**GOAL OF THE EXERCISE**.
Could you output each line below exactly as it appears, excluding any pictures?

**DATA EXCERPT**.
════════════════════

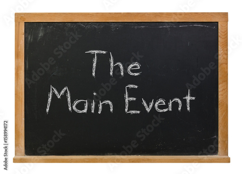 Obraz premium The Main Event written in white chalk on a black chalkboard isolated on white
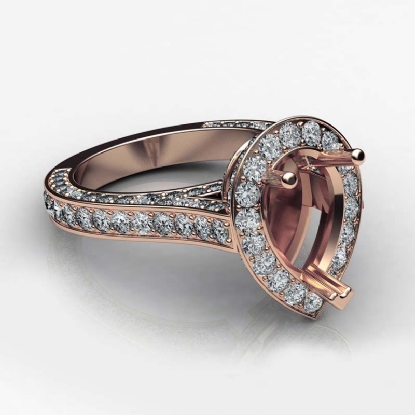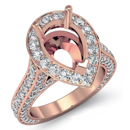 Pear Semi Mount Halo Pave Setting Diamond Engagement Ring 14k Rose Gold (2.1Ct. tw.)
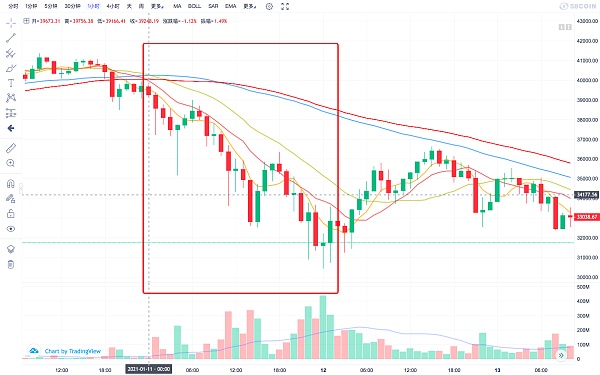 ▲ 2021年1月21日,BTC價格跌幅為20.36%。數據來源:58COIN
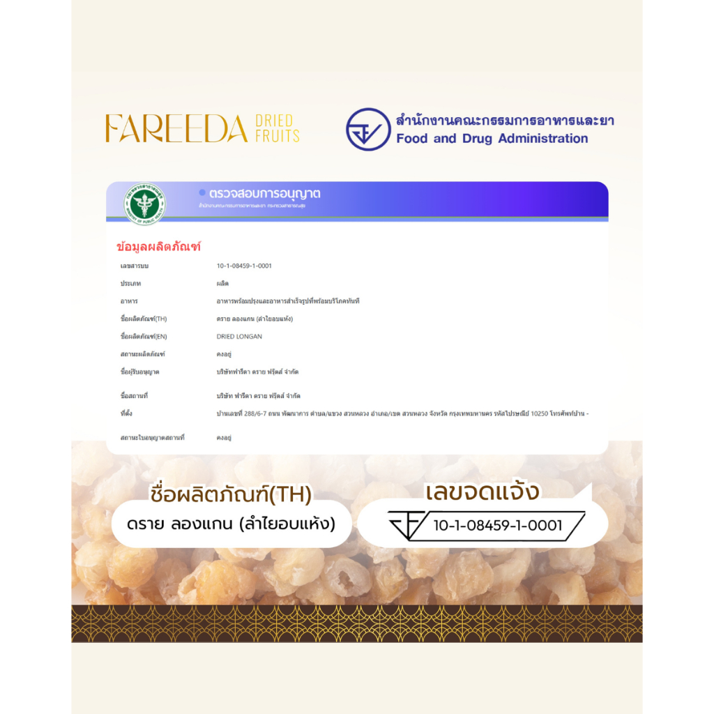 ลำไยอบแห้ง Fareeda เนื้อหนึบ รสหวาน หอมหวานกลิ่นลำไย

════════════════════

**REPLY TO THE EXERCISE**.
 Obraz premium The Main Event written in white chalk on a black chalkboard isolated on white
 Pear Semi Mount Halo Pave Setting Diamond Engagement Ring 14k Rose Gold (2.1Ct. tw.)
 ▲ 2021年1月21日,BTC價格跌幅為20.36%。數據來源:58COIN
 ลำไยอบแห้ง Fareeda เนื้อหนึบ รสหวาน หอมหวานกลิ่นลำไย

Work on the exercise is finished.